I have preprocessed and created sqlite3 files for gnomAD for you, which can be easily downloaded from here. They contain all variants on the 24 standard chromosomes.

- WGS gnomAD v4.0 (hg38, **618'765'636** variants) 36.1G zipped, 74G in total - https://zenodo.org/records/10066323/files/gnomad_db_wgs_v4.0.sqlite3.gz?download=1
- WES gnomAD v4.0 (hg38, **161'417'006** variants) 7.3G zipped, 17G in total - https://zenodo.org/records/10066310/files/gnomad_db_wes_v4.0.sqlite3.gz?download=1
- WGS gnomAD v3.1.2 (hg38, **759'302'267** variants) 46.2G zipped, 98G in total - https://zenodo.org/record/6818606/files/gnomad_db_v3.1.2.sqlite3.gz?download=1
- WGS gnomAD v2.1.1 (hg19, **261'942'336** variants) 16.1G zipped, 48G in total - https://zenodo.org/record/5770384/files/gnomad_db_v2.1.1.sqlite3.gz?download=1

You can download it as:

```python
from gnomad_db.database import gnomAD_DB
download_link = "https://zenodo.org/record/6818606/files/gnomad_db_v3.1.2.sqlite3.gz?download=1"
output_dir = "test_dir" # database_location
gnomAD_DB.download_and_unzip(download_link, output_dir)
```
#### NB this would take ~30min (network speed 10mb/s)


or you can create the database by yourself. **However, I recommend using the preprocessed files to save resources and time**. If you do so, you can go to **2. API usage** and explore the package and its great features!


## 2. API usage

Congratulations, your database is set up!

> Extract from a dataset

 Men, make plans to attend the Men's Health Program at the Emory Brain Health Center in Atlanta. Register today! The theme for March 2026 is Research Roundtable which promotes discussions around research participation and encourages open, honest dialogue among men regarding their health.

Now it is time to learn how to use it.

First, you can install the package in the gnomad_db env or in the one which you are going to use for your downstream analysis
```bash
pip install gnomad_db
```

You can use the package like

1. import modules
```python
import pandas as pd
from gnomad_db.database import gnomAD_DB
```

2. Initialize database connection \
**Make sure to have the correct gnomad version!**
```python
# pass dir
database_location = "test_dir"
db = gnomAD_DB(database_location, gnomad_version="v3")
```

3. Insert some test variants to run the examples below \
**If you have downloaded the preprocessed sqlite3 files, you can skip this step as you already have variants, make sure to have the correct genome version!**
```python
# get some variants
var_df = pd.read_csv("data/test_vcf_gnomad_chr21_10000.tsv.gz", sep="\t", names=db.columns, index_col=False)
# IMPORTANT: The database removes internally chr prefix (chr1->1)
# insert these variants
db.insert_variants(var_df)
```

4. Query variant minor allele frequency \
**These example variants are assembled to hg38!**
```python
# query some MAF scores
dummy_var_df = pd.DataFrame({
    "chrom": ["1", "21"], 
    "pos": [21, 9825790], 
    "ref": ["T", "C"], 
    "alt": ["G", "T"]})

# query from dataframe AF column
db.get_info_from_df(dummy_var_df, "AF")

# query from dataframe AF and AF_popmax columns
db.get_info_from_df(dummy_var_df, "AF, AF_popmax")

# query from dataframe all columns
db.get_info_from_df(dummy_var_df, "*")

# query from string
db.get_info_from_str("21:9825790:C>T", "AF")
```

5. You can query also intervals of minor allele frequencies
```python
db.get_info_for_interval(chrom=21, interval_start=9825780, interval_end=9825799, query="AF")
```

For more information on how to use the package, look into GettingStartedwithGnomAD_DB.ipynb notebook!
#### NB: The package is under development and any use cases suggestions/extensions and feedback are welcome.